# Master Forge Electrice Smoker got wet, blue power light is flashing, but no heat



## ovmaster68 (Jun 27, 2013)

So I bought this smoker on Craig's List and the model is no longer being made.  I took it home and it worked great on some Butts, however overnight the smoker got some rain on it.  When I pulled the Butts out it was registering 300 degrees.  I shut it off (BIG MISTAKE) and can't get it to do anything except the blue power light flashes on the display panel.  I don't think I blew a fuse as the power light comes on and flashes, but don't know where to go from here.  I have searched online and found the manual once, but can't locate it again.  Any help would be greatly appreciated.













IMAG0148.jpg



__ ovmaster68
__ Jun 27, 2013


----------



## smokinhusker (Jun 27, 2013)

Do you have a model number?


----------



## centralcarolina (Jun 28, 2013)

I have one of those and after some reading different places i'm anal about bringing it inside my covered porch on when rain is in the forecast. Had 3 smokes so far, butt and ribs, no problems. Hope you get it straightened out.


----------



## centralcarolina (Jun 28, 2013)

Actually looking at it better mine is not the same model, a little different.


----------



## fwismoker (Jun 28, 2013)

Anytime electronics get wet make sure to dry them completely before attempting to re-energize them.


----------



## palladini (Jun 28, 2013)

Every time I smoke with my MES, I put two patio chairs beside it, one on either side,  About a foot to 18 inches from the smoker.  I then drape a plastic tarp over the chairs and use something to weigh down the tarp, so it will not blow away.  The chairs keep the tarp off of the smoker and suspend the tarp several inches above the smoker.  Drapes down both sides.  Rain cannot get to anything, easy to lift up and get at the smoker when needed. 

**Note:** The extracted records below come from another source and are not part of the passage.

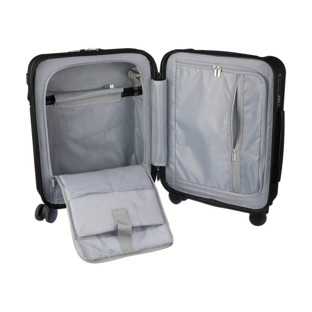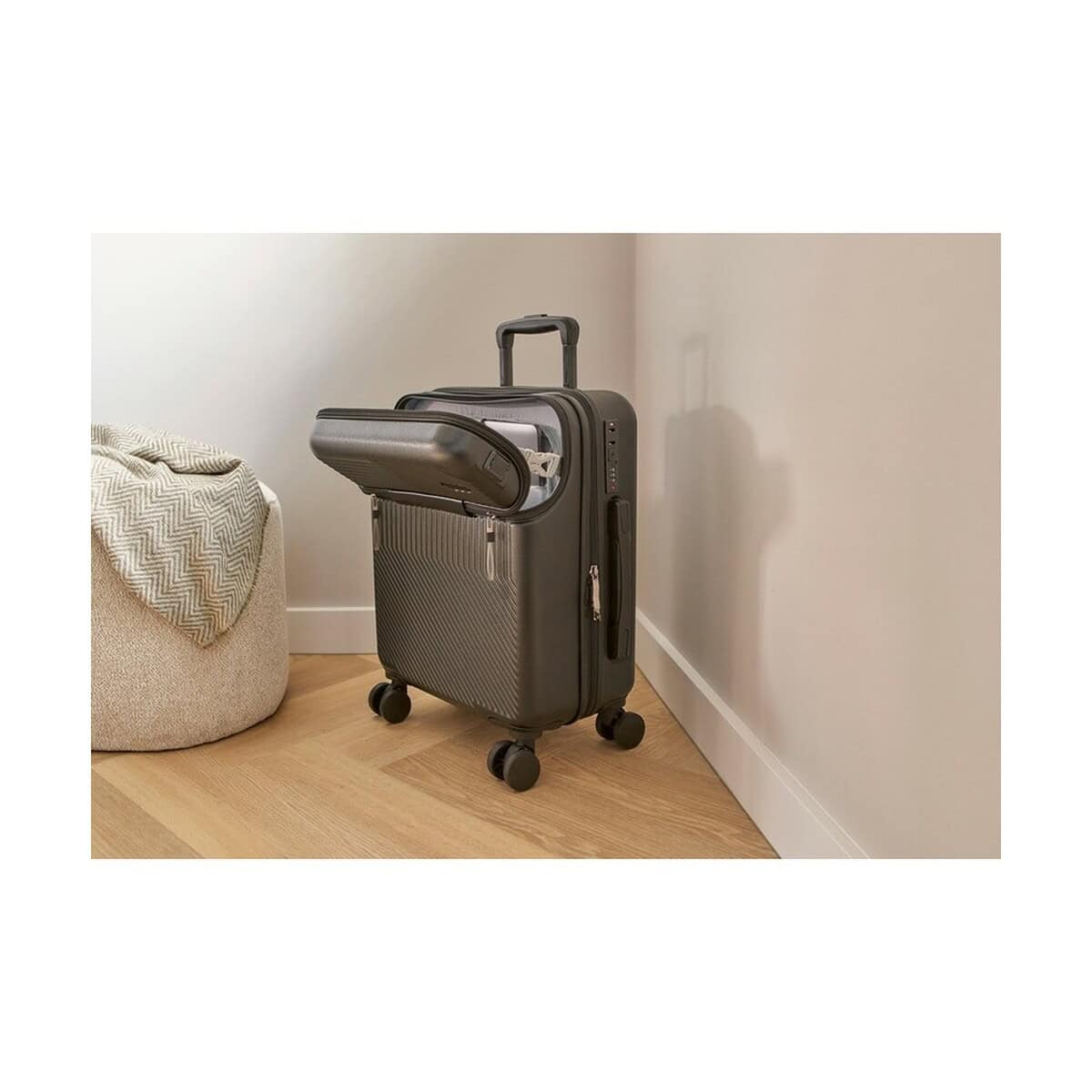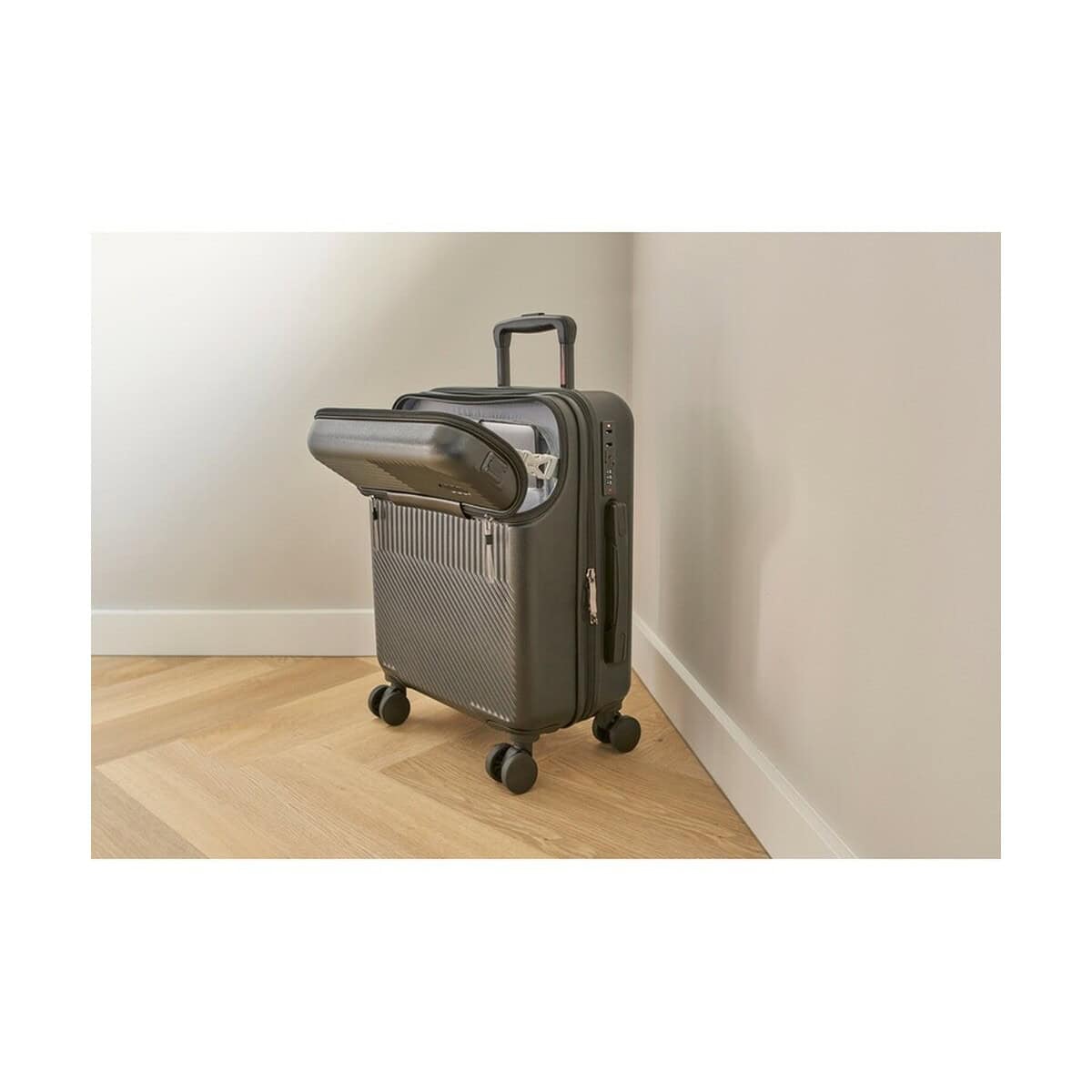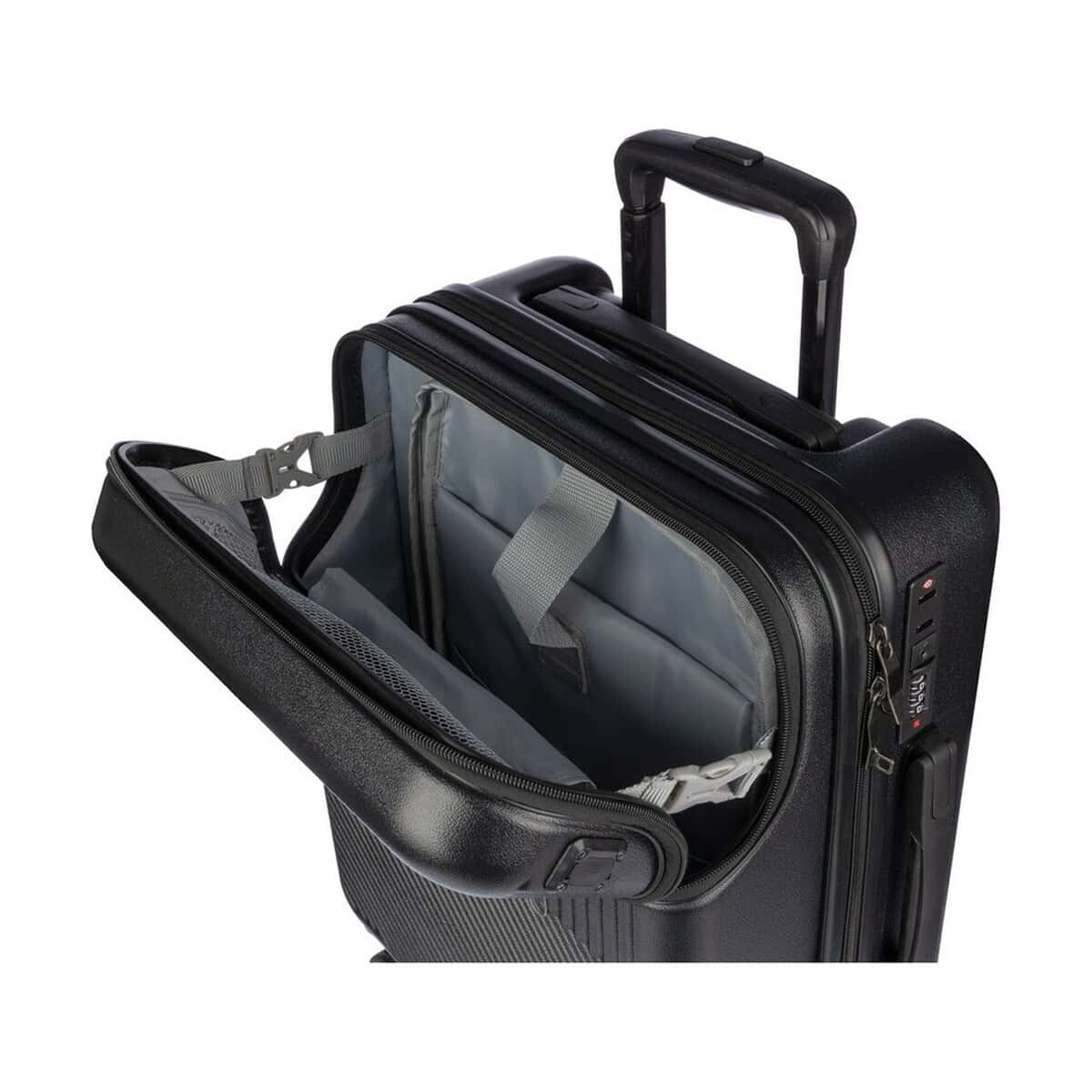 Frontowa kieszeń na laptopa zapinana na zamek błyskawiczny chroni sprzęt elektroniczny przed wstrząsami, a wbudowany zamek numeryczny zabezpiecza zawartość przed niepożądanym dostępem. Korpus z wytrzymałego ABS, w połączeniu z elementami z poliestru, metalu i papieru, gwarantuje wysoką odporność na zarysowania i pęknięcia. Dostępne wersje kolorystyczne – szara i czarna – doskonale podkreślą charakter nowoczesnego przedsiębiorstwa.
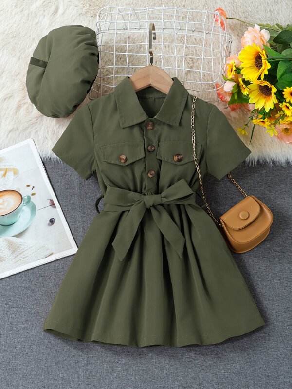 SHEIN Kids FANZEY Young Girl Flap Detail Belted Shirt Dress & Accessory Hat Without Bag
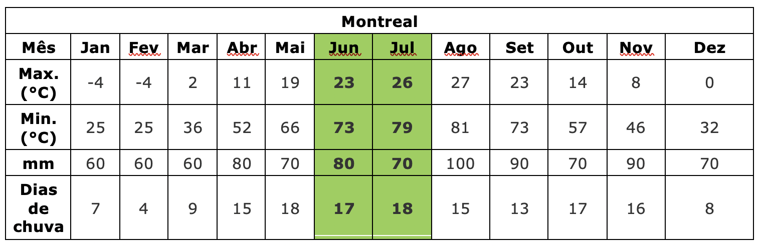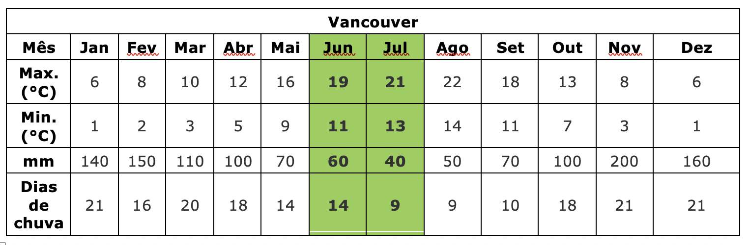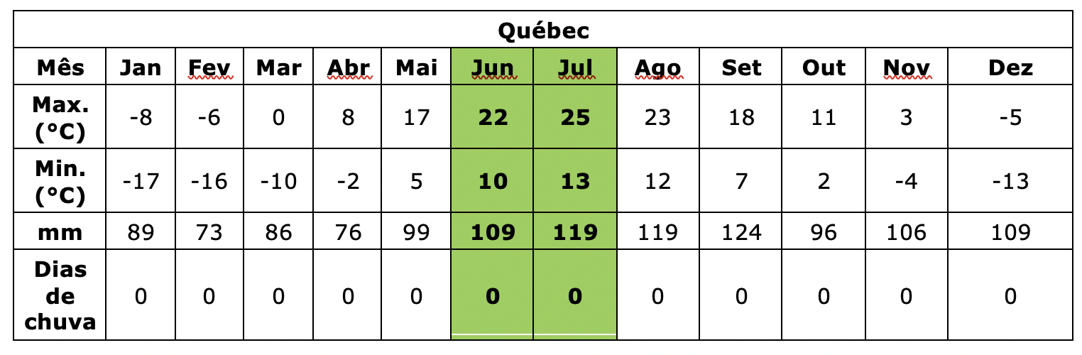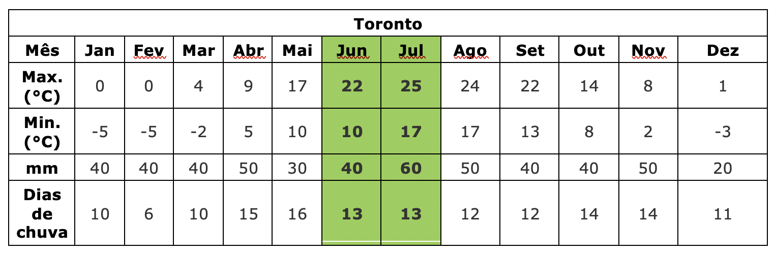 Abaixo você encontra as médias de temperatura e precipitação para os destinos que visitamos, o que dá uma noção de como é o clima em alguns dos principais destinos no Canadá:

Like other posters say, if the controls get wet, let it dry completely before applying hydro again; doing otherwise will probably fry the electronics and give you one useless smoker box.  Leave it in a garage or shed, out of the rain, for about a week, before trying anything.


----------



## palladini (Jun 28, 2013)




----------



## ovmaster68 (Jun 29, 2013)

Thanks again for taking the time to help with my situation.  The Model # is 32930.


----------



## mrgman (Aug 21, 2015)

I have the same Model # is 32930 decided to wipe it down moist towel plugged it in and blue light blinks ...I'm calling tech support.. so I bought Masterbuilt 30"


----------



## birthdaynov (Nov 17, 2015)

I need help also. I get a solid blue light on but can not turn on, set any of the settings ie time, temp.

is there a fuse any where that may have blown. and if so how do you get to it


----------